I'd pass the null values to the middleware as JavaScript's null
object. But if a centroid contains null values for each time step, you can avoid passing the centroid entirely.
On the front end, null
s are discarded as far as graphing, calculating, and visualizing are concerned.
got it @njmattes
In the new API responses on the newly created server, the pixels again aren't 'collapsed' so that multiple timesteps are contained in a single pixel. Ie, a single pixel appears 11k+ times in the dataset, each time with a single value. Instead they should appear only once, with a 11k+ long array of values.
In the aggregated responses there appear to be only single values rather than 11k+, one for each time step. Am I seeing that correctly?
Also, a new problem to tackle is the size of the time series in the response.metadata
. For AgMerra (and other datasets no doubt), there is a lot of duplicate information (the same year hundreds of times for instance), which increases the size of the response to a point where it becomes infeasible. There are many solutions but these come to mind:
Perhaps it's possible for the time series to store only the first time step, and the size of the delta? Then in the middleware we can unpack that into values for the front-end? Of course irregular time series, if we have any or want to support any, wouldn't work.
you're right, i haven't done it yet (except for temporal aggregation, naturally)! sorry about that, fixing it today along with cleaning up the code, in particular adding try-except's.

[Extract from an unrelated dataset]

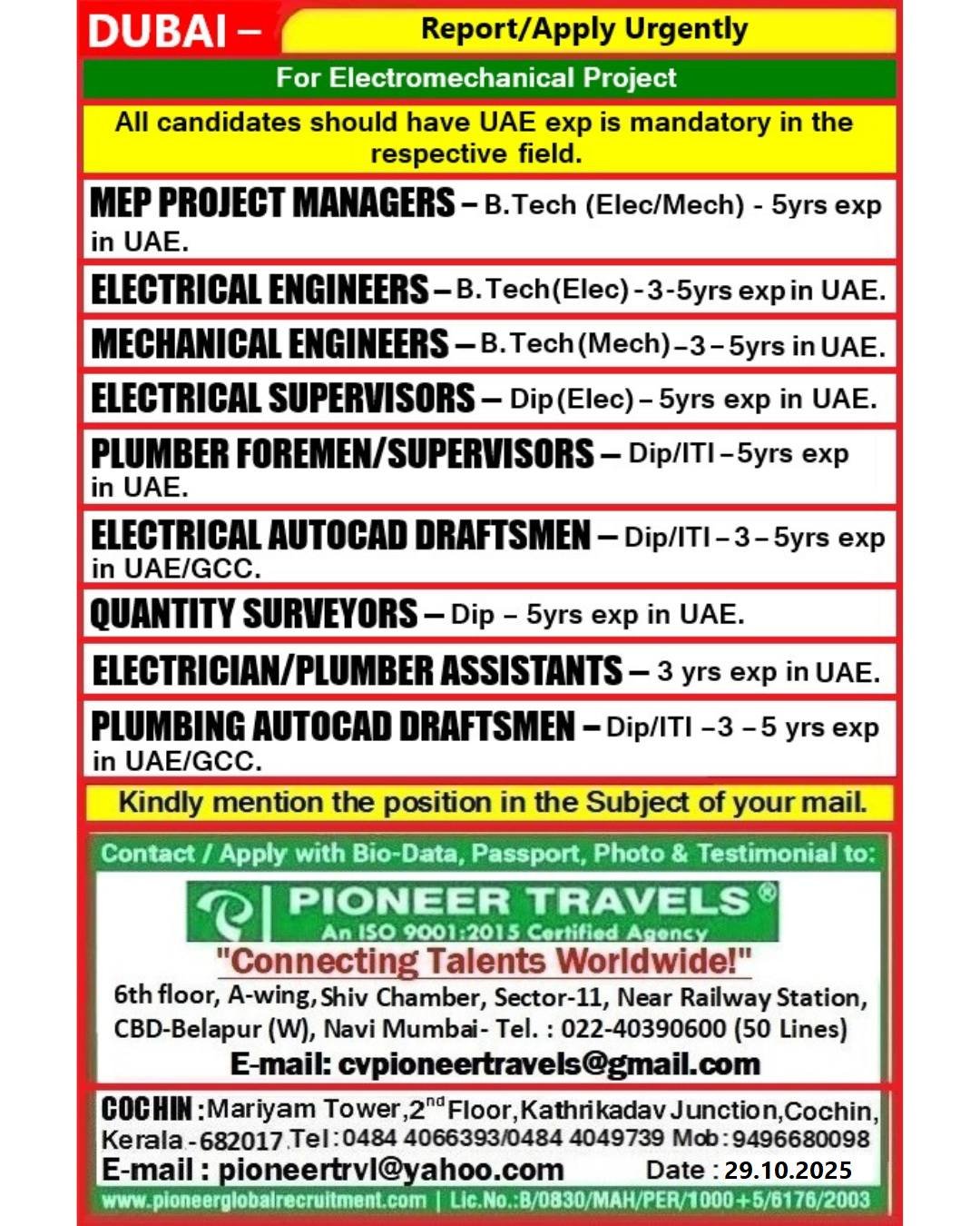 Dubai MEP Jobs: Electricians, Plumbers, Helpers – AED 1100–1800 | Online Interview Kochi Nov 5!

psims + agmerra have uniform time steps. however, gsde (soil data) doesn't have uniform depth steps. so we could assume a uniform delta for time but not for depth. @joshuaelliott can we assume the time steps are uniform? or if they're not uniform that at least it's not many timesteps?
by nesting you just mean: [(1980, [(1, [1, 2, ..., 31]), (2, [1, 2, ..., 30]), ..., (12, [1, 2, ..., 31])]), (1981, ...)]
i believe you can always assume uniform steps for time, yes.
depth dimensions generally don't have more than ~10 values. so probably you can just record depth explicitly? and then only treat time as this special case.
Sorry, I wasn't getting email notifications for this issue. Totally missed these comments.
Yes, by 'nesting' I meant something like you've got above @legendOfZelda.
I think depth and time can be treated the same way really, it's just that depth won't have multiple nested levels. Same for datasets like pAPSIM—with only 34 annual timesteps, it'd just be something like [(1979, 1980, 1982, ... )]
per Severin's example above.
Speaking of depth v. time v. other dimensions, we're also going to need to add a dimension name to the response metadata. So users know what they're looking at and graphing (have to label axes somehow).
@njmattes wget http://[IP]:5000/api/v0/griddata/dataset/1/var/1 should now return the right format, with, for every (lat,lon), the values in an array
Sorry, but the response from the dev server is still a bit off. Now each point has its own dates and different lengths of values. The dates should be in the metadata
, and each point should have the same amount of values, with null
values where necessary. Any point that contains all null
values should be dropped.
Perhaps details of the API are spread across too many threads at this point. I can start a fresh thread for an updated API discussion. Or maybe we need a better tool than github issues for sorting out the changes to the API? Postman is pretty rad, but its team-based features require subscriptions.
@Severin: A group by will result in the nulls being dropped unless your query account for one. As I see the query does not.
@Nate: Do you want the exact position of nulls or simply a count?
Regarding API spec, yes we need a better way to handle these changes.
Tanu
On May 24, 2016, at 9:27 AM, Nathan Matteson notifications@github.com wrote:
Sorry, but the response from the dev server is still a bit off. Now each point has its own dates and different lengths of values. The dates should be in the metadata, and each point should have the same amount of values, with null values where necessary. Any point that contains all null values should be dropped.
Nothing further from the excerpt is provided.